Extracted records Start Marker

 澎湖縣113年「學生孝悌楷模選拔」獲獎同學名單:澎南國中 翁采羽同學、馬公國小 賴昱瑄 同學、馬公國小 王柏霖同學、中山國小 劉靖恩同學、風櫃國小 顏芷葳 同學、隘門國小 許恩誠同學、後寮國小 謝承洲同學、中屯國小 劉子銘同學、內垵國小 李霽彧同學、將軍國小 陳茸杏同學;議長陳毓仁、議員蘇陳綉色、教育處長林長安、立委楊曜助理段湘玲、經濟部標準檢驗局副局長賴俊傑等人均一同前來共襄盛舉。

Extracted records End Marker
Extracted records Start Marker

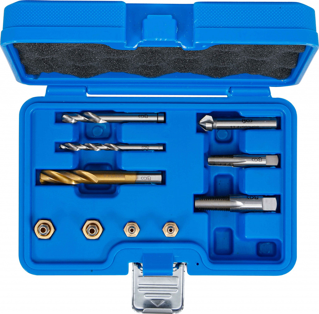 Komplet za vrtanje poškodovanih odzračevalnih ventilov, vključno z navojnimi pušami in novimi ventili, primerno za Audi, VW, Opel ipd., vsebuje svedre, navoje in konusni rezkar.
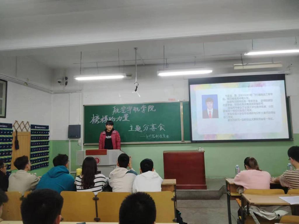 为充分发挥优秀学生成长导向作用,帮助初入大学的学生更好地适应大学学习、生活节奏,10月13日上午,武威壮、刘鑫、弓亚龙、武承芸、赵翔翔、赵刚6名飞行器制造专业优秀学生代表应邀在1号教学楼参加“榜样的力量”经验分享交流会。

Extracted records End Marker

_Problem requirements_. Using the data above, retype exactly and only the lines from the one containing "Komplet za vrtanje" up to and including the one containing "为充分发挥优秀学生成长导向作", with no pictures carried over.

_Solved problem_.
 Komplet za vrtanje poškodovanih odzračevalnih ventilov, vključno z navojnimi pušami in novimi ventili, primerno za Audi, VW, Opel ipd., vsebuje svedre, navoje in konusni rezkar.
 为充分发挥优秀学生成长导向作用,帮助初入大学的学生更好地适应大学学习、生活节奏,10月13日上午,武威壮、刘鑫、弓亚龙、武承芸、赵翔翔、赵刚6名飞行器制造专业优秀学生代表应邀在1号教学楼参加“榜样的力量”经验分享交流会。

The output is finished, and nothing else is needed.